Erst ein mail der treuen Frau Vorgarten reisst mich aus meinem aktuellen Alltag und zurück zur Besinnung. Wie unangenehm ich inaktive Blogs finde - und nun wird meiner auch so einer? Nein, nein, nein. Danke, Frau Vorgarten!!

Unzählige Male forschte ich in den vergangenen vier Monaten der Schwangerschaftsübelkeit nach. Wie lange sie normalerweise dauert. In welcher Woche sie meistens nachlässt. Und wann spätestens (die Ausnahmen, die bis zur Geburt hin dauern, klammern wir mit dieser Klammer aus). Überall hiess es, spätestens in/nach der 16. Woche sollte sie abklingen. Auch mein Hausarzt, der mich zeitenweise gar zu 100% arbeitsunfähig schreiben musste, prophezeite eine Wende in dieser Woche. Und es kam so.

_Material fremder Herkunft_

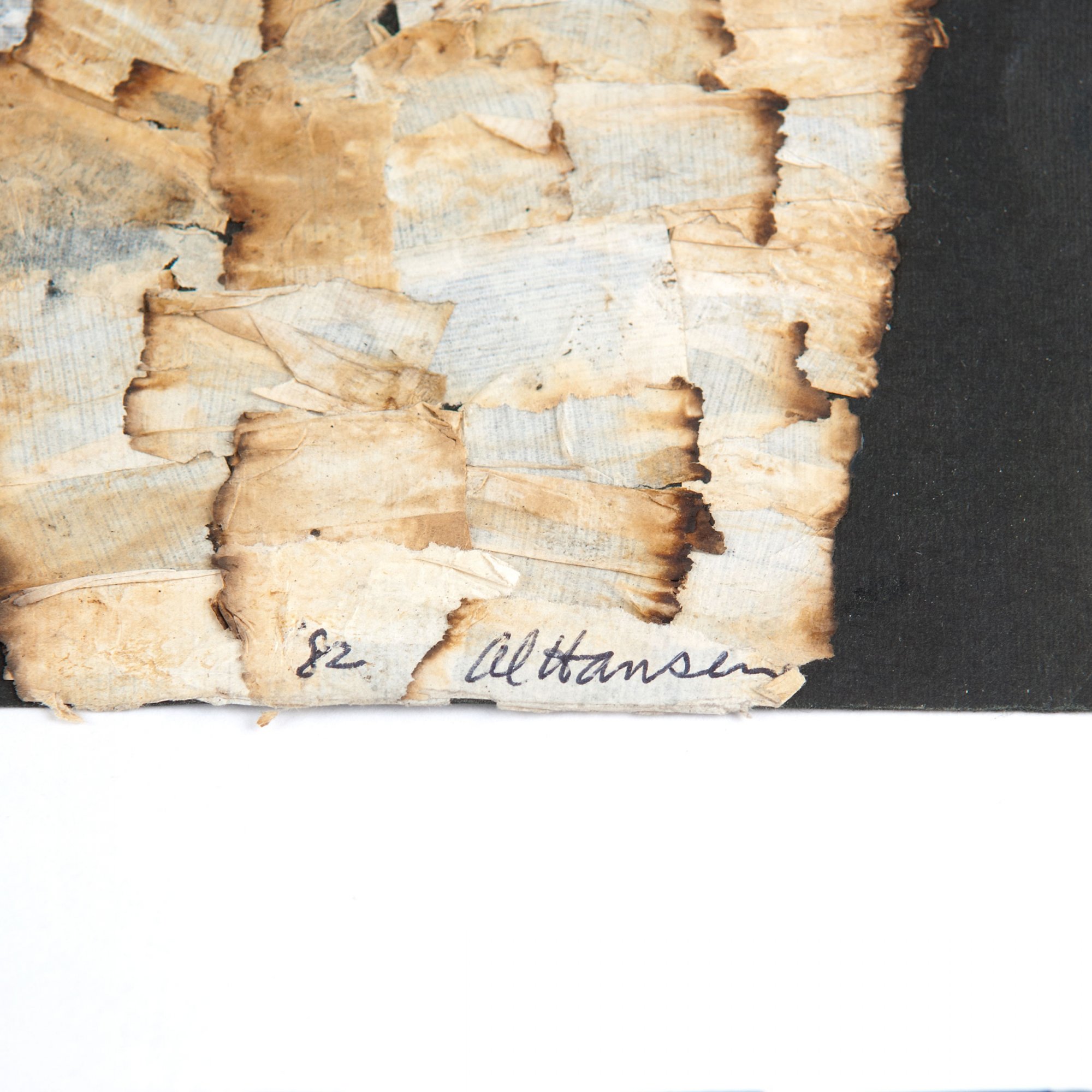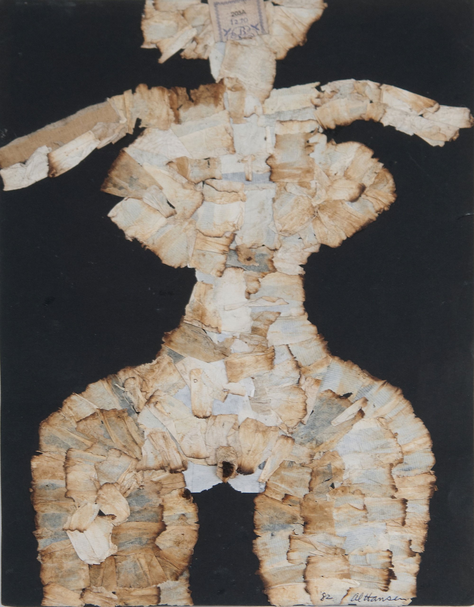 Venus-Collage aus gebrauchtem Zigarettenpapier und einer Tabaksteuerbanderole aus Luxemburg auf schwarzem Karton. Rechts unten sign.: Al Hansen und datiert (19)82 (Filzstift). Diese Collage war 2002 in der Ausstellung "Vierzig Jahre Fluxus: Joseph Beuys, Dieter Roth, Emmett Williams, Al Hansen, Nam June Paik, Milan Knizak u.a." im Kunstverein in Weiden/Oberpfalz zu sehen.

Irgendwann in der 16. Woche hatte ich plötzlich mehr Energie und Appetit. In der 17. Woche kaufte ich mir endlich einen homöopatischen Spray - man mag davon halten, was man will, ich inklusive - den mir meine Hebamme schon lange lange vorher empfohlen hatte. Enzian. Er schmeckte bitter wie mein lieblingsalkoholisches Getränk, Suze. Nun weiss ich nicht, ob es der Spray war oder schlichtweg die 17. Woche, wahrscheinlich vor allem letzteres - aber das Elend löste sich auf wie Frühnebel in der Morgensonne.

Mir ist immer noch manchmal schlecht, aber das Elend ist weg. Weg, weg, weg!!!! Hallelujah!!

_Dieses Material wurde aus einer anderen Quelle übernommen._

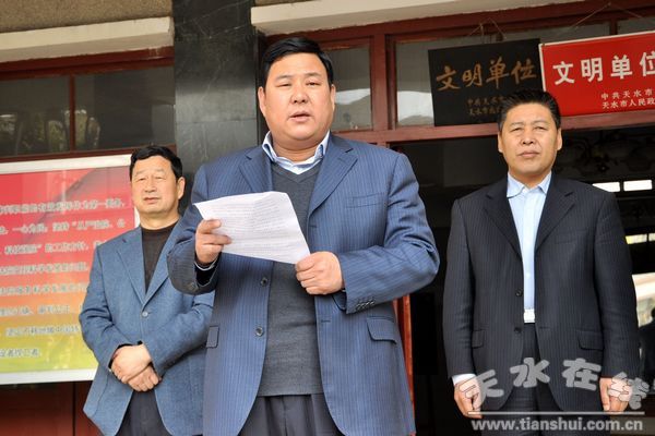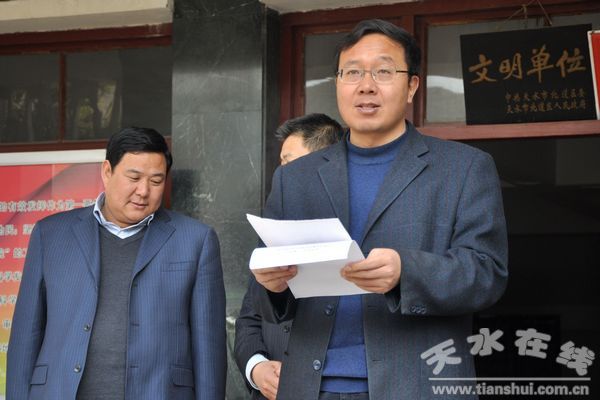 麥積區(qū)委常委、常務副區(qū)長楊繼祥宣布捐款名單

Nun bin ich in der 20. Woche, in wenigen Tagen wird bereits die Hälfte der Schwangerschaft vorbei sein. Unglaublich.

Gibt es für mich noch andere Themen als Schwangerschaft und Baby? Ja und nein. Ich denke jeden Tag die ganze Zeit an diesen Themen herum. Gleichzeitig kam mit der neuen Energie auch viel anderes in Schwung. Ich konnte wieder schreiben, wieder aktiv werden im Studium, ging wieder arbeiten, packte bei weiteren Projekten mit an - darum auch die Bloginaktivität, so sehr ich mich ihrer schäme.

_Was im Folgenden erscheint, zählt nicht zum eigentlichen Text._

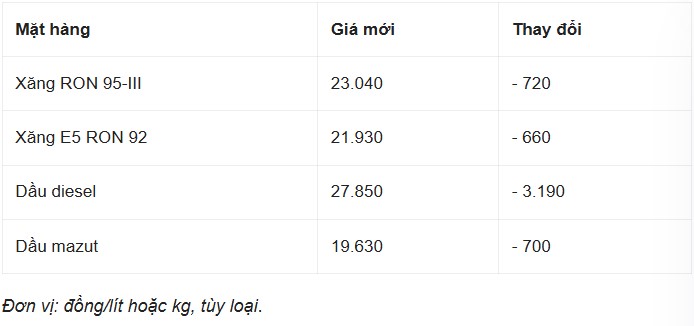 Theo điều chỉnh mới nhất của Liên bộ Công Thương - Tài chính, giá xăng RON 95-III giảm 720 đồng, xuống còn 23.040 đồng một lít. Tương tự, E5 RON 92 giảm 660 đồng, giá chỉ còn 21.930 đồng.

Durch meinen wachsenden Bauch wird gerade für die Umwelt meine Schwangerschaft viel realer.  Ich werde vermehrt darauf angesprochen. Es wird nachgefragt. Sich mitgefreut. Weiss ich schon das Geschlecht? Haben wir schon einen Namen? Lustig, dabei vergesse ich jetzt manchmal schlichtweg, dass ich schwanger bin, bloss weil die Übelkeit weg ist. Dabei haben die anderen typischen "Beschwerden" angefangen. Heute bei der Arbeit zum Beispiel: Ich kehre den Boden und will am Schluss das Häufchen Dreck mit Schaufel und Besen aufnehmen. Äh, schwieriger als gedacht. Der Bauch, so klein er auch noch ist, ist im Weg. Dasselbe mit Schuhe binden. Für die kommenden Monate muss ich definitiv auf Modelle umsteigen, in die ich einfach hineinschlüpfen kann. Und das Schlafen!!!! Erstens tun mir sowieso die Beine ständig weh und der untere Rücken, trotz regelmässiger chiropraktischer Behandlung. Meine Lieblingsposition, auf dem Bauch, fällt weg. Empfohlen ist die linke Seite. Aber ich finde mich immer wieder auf dem Rücken wieder, wenn ich alle zwei Stunden erwache, um pinkeln zu gehen.

Seit etwa einer Woche spüre ich das Baby. Ein unglaubliches Gefühl!! Noch ist es ganz sanft, fast wie Luft, die sich in meinen Gedärmen bewegt. Manchmal schläft es den ganzen Tag und ich werde fast ein bisschen besorgt. Aber meine befreundete Hebamme winkt ab. Ach, in der 20. Woche! Das sei sowieso noch früh, um es wirklich zu spüren.

Ich plange auf den Sommer, weil es mir einfach zu kalt ist. Der kommt schon bald. Heute sass ich in der Sonne, als es plötzlich zu schneien begann. Hallo April!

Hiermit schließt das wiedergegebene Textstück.